"You have to start by assuming that you won't get all the money you ask for, decide what you really need, and present a budget 10 percent higher than that, if you approach things with the economic realities in mind, it's a lot easier to get what you really need," said John Stewart, CSO at Cisco Systems. "It's also important to cut out anything you might not need or can't get to; you don't want to ask for more money for things that you can't do and risk losing money in future years."
Stewart said that security teams can also use any time freed up by projects that are put on hold to forward lower-cost efforts, such as employee education programs, that will also help lower overhead expenses.

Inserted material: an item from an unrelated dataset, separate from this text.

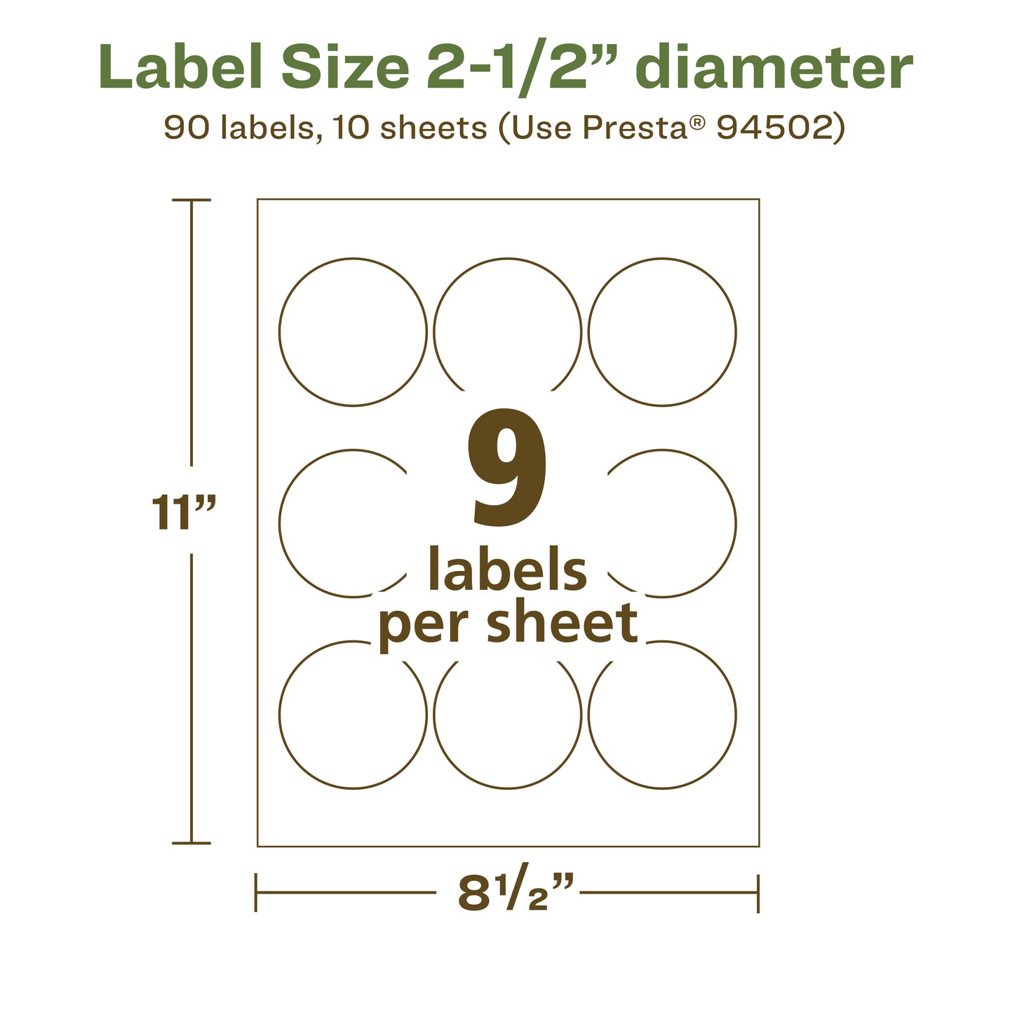 Avery Recycled Matte White Labels, 2-1/2" diameter Round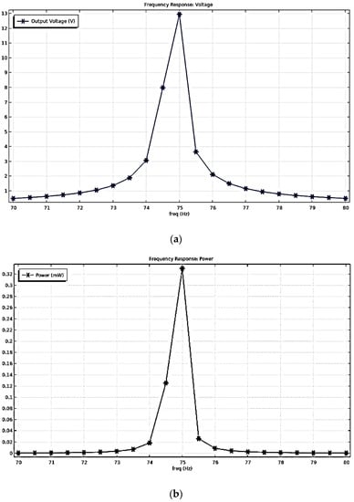 Simulation Results of the Harvester under the Motor Vibration Excitation: (a) Frequency Response of the Output Voltage; (b) Frequency Response of the Output Power.

"So many security problems are not related to spending money, but are more around people and process change," Stewart said. "If you can convince more people not to plug infected devices into your network, if you eliminate some of the initial behaviors that end up costing you time and money fixing the problems they create, that's another great way to reduce costs."
At the Source Boston 2008 conference last week, other IT security leaders offered similar advice in relation to using detailed planning and tying projects to larger business initiatives to prevent dollars from being taken out of the budget.
"You really have to manage your innovation pipeline like an investment, and if you start talking about things in this way to people who provide the money, they start seeing business drivers, how your projects can make them more nimble and profitable, and you can use that as ammo to make more investments," said Chris Hoff, chief architect of security innovation at Unisys.
"Ultimately, the more I can provide transparency about how I spend money, I can get more money and headcount," he said. "This tends to work best when I can demonstrate how I'm spending money for the right reasons, and really making a difference and not just buying toys."